The Devils not only won nearly all the races and battles for loose pucks, but they have everyone on the team playing responsible defense. On paper, the Flyers had a better blueline, but they certainly didn’t play that way. After coach Peter Laviolette proclaimed Claude Giroux to be the best player in the universe on more that one occasion, the team probably thought they would steamroll over anybody with their offensive depth. They were lucky to play Pittsburgh, who somehow had an even worse defense, but had they played any other team, they would have likely lost in the first round.

Here’s a trade proposal that could help them out: James van Riemsdyk to Nashville for the negotiating rights to Ryan Suter.

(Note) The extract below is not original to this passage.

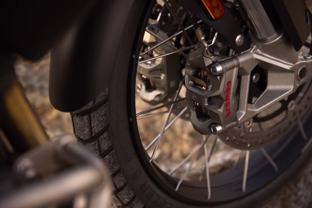 Off-road spec & toughening up: As with Alpine, the 900 Desert gets the Akrapovič silencer. But more importantly, it swaps to spoked, tubeless 21-inch front / 17-inch rear wheels (better for rough terrain) and includes fuel-tank protection bars.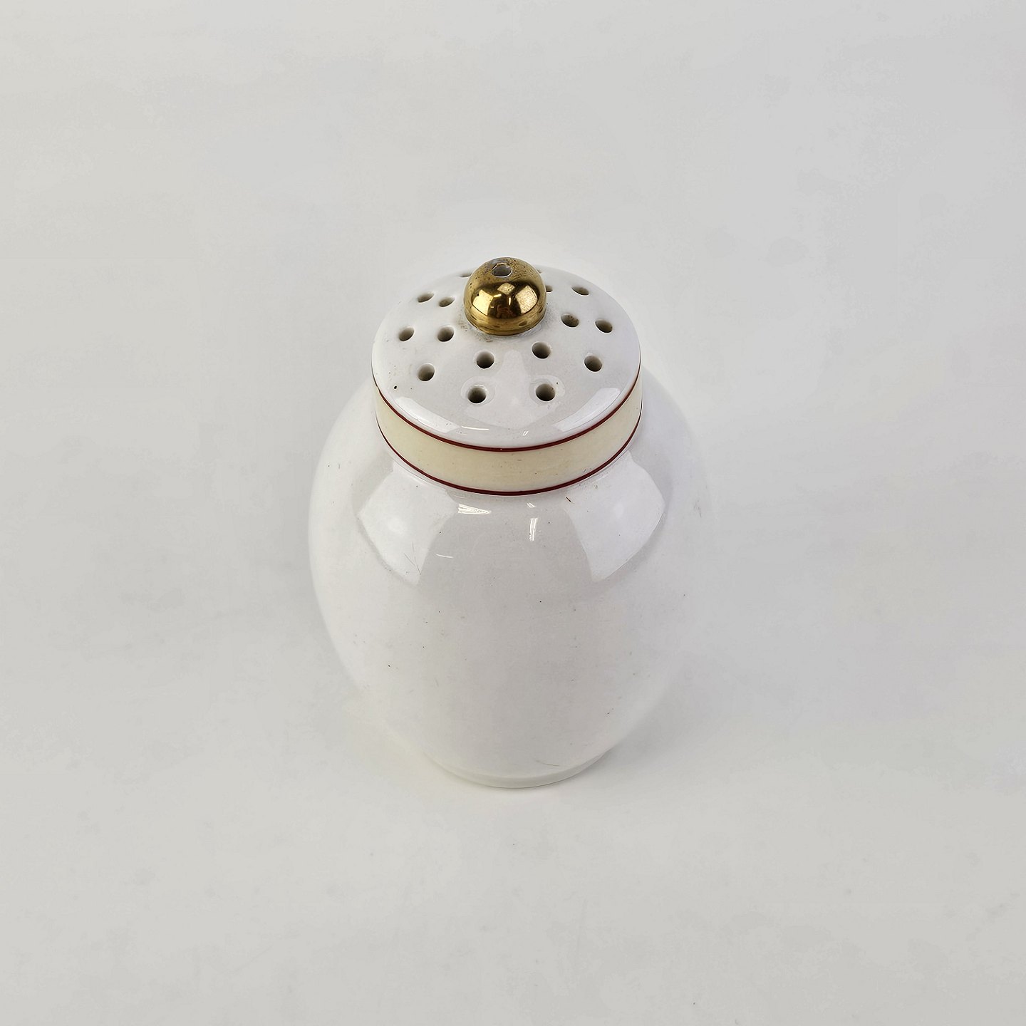 Beskrivelse: Saltbøsse eller peberbøsse i kongeligt porcelæn fra stellet Det spanske stel. Prop medfølger.

The two teams have been trading partners in the past, so there is familiarity there. The Flyers traded Peter Forsberg to the Music City at the 2007 trade deadline for Scottie Upshall, Ryan Parent and two draft picks. The Flyers then traded one of those picks back to Nashville for the rights to Scott Hartnell and Kimmo Timonen.

(Tim Kolupanowich/CM)

Here’s why this deal makes sense.

Nashville needs a big body up front capable of scoring goals. Van Riemsdyk showed last season he is capable of scoring big goals in bunches. He was the second overall pick in 2007 and next season will be his magical fourth year. He only scored 11 goals this season (granted, that was mainly due to injury), but if Predators GM David Poile opts to take a risk on van Riemsdyk and his $4.25 million cap hit, he could be handsomely rewarded. He would be their third highest paid forward, but still cheaper than Suter and Shea Weber will cost them. Speculation is the Preds will only be able to keep one defenseman and they would surely try to keep their captain and with Barry Trotz as their coach, they’d find a way to cope with the loss of a stud defenseman.

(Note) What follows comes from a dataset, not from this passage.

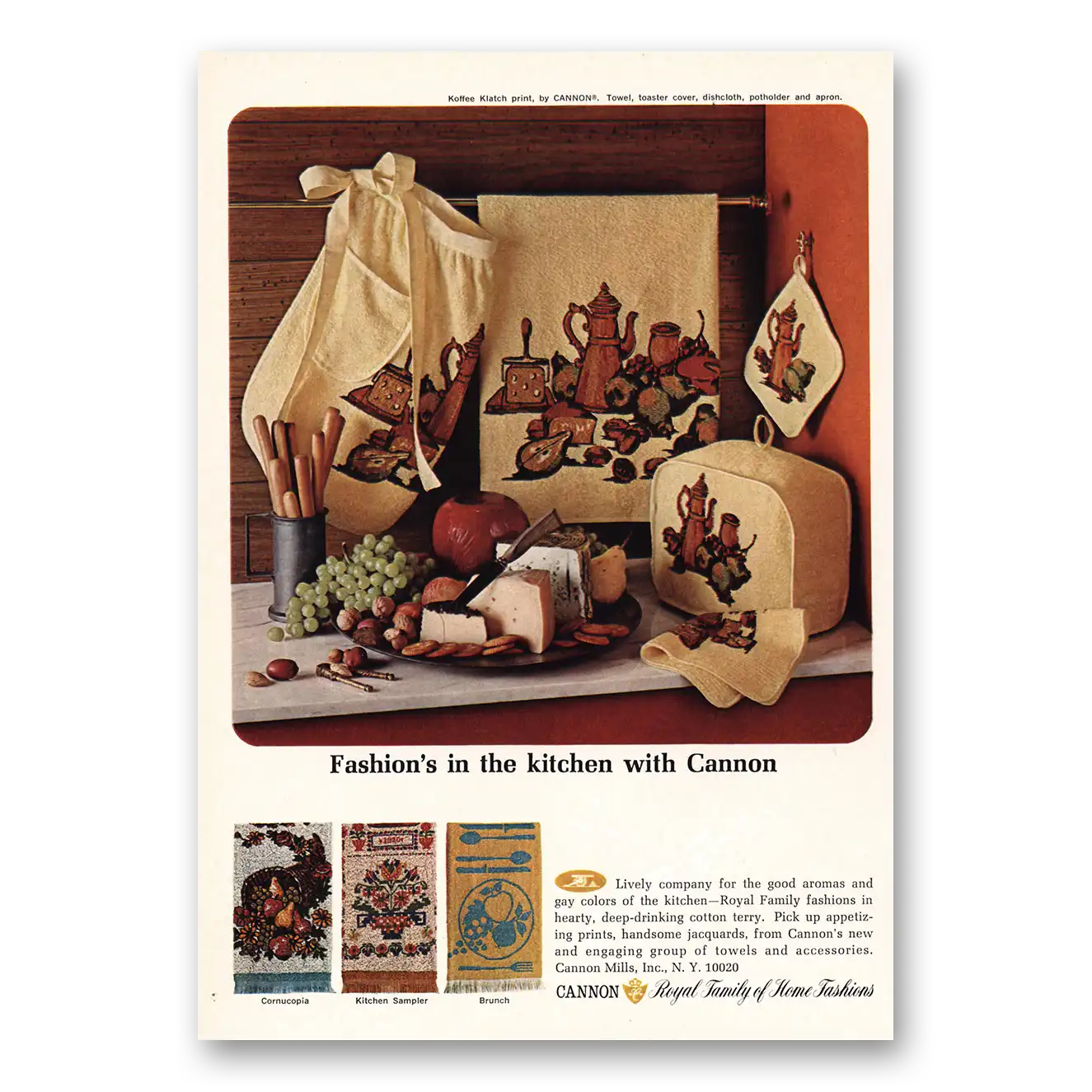 1966 Cannon Mills Print Ad | Fashions In The Kitchen

This year, the Flyers showed they don’t need van Riemdsyk. He missed 39 games this season due to various injuries and they didn’t miss a beat without him. In return they would get a defenseman they could center around, not one as dominant as Pronger, but then again, nobody is. And while Weber gets most of the attention and may be more flashy, Suter is every bit as good. In the past six seasons, Weber has 97-156-253, a plus-36 rating and 102 power play points, while Suter has 37-185-222, a plus-36 rating, 97 power play points and has averaged more minutes per game in five of those seasons.

Suter alone wouldn’t help the Flyers, but he would certainly be a start.

The Flyers can outscore any opponent in a gun-and-gun style of game, but they cannot out-defend. They have to change their game and with an absurd amount of offensive depth, they can easily make move to acquire better defensemen. Matt Carle and Braydon Coburn are both solid, but neither is a true first-pairing blueliner. Carle is fourth in the playoffs with 13 giveaways and Coburn is ninth with 10 and while acquiring Coburn for Alexei Zhitnik was a steal, receiving any player in that trade would have been a win for the Flyers.

A personnel and philosophy change is the only thing that will really help the Flyers. They may be one of the most exciting teams for fans to watch, but the most exciting thing is to watch your team lift the Stanley Cup. And that won’t happen with the team designed as it is now.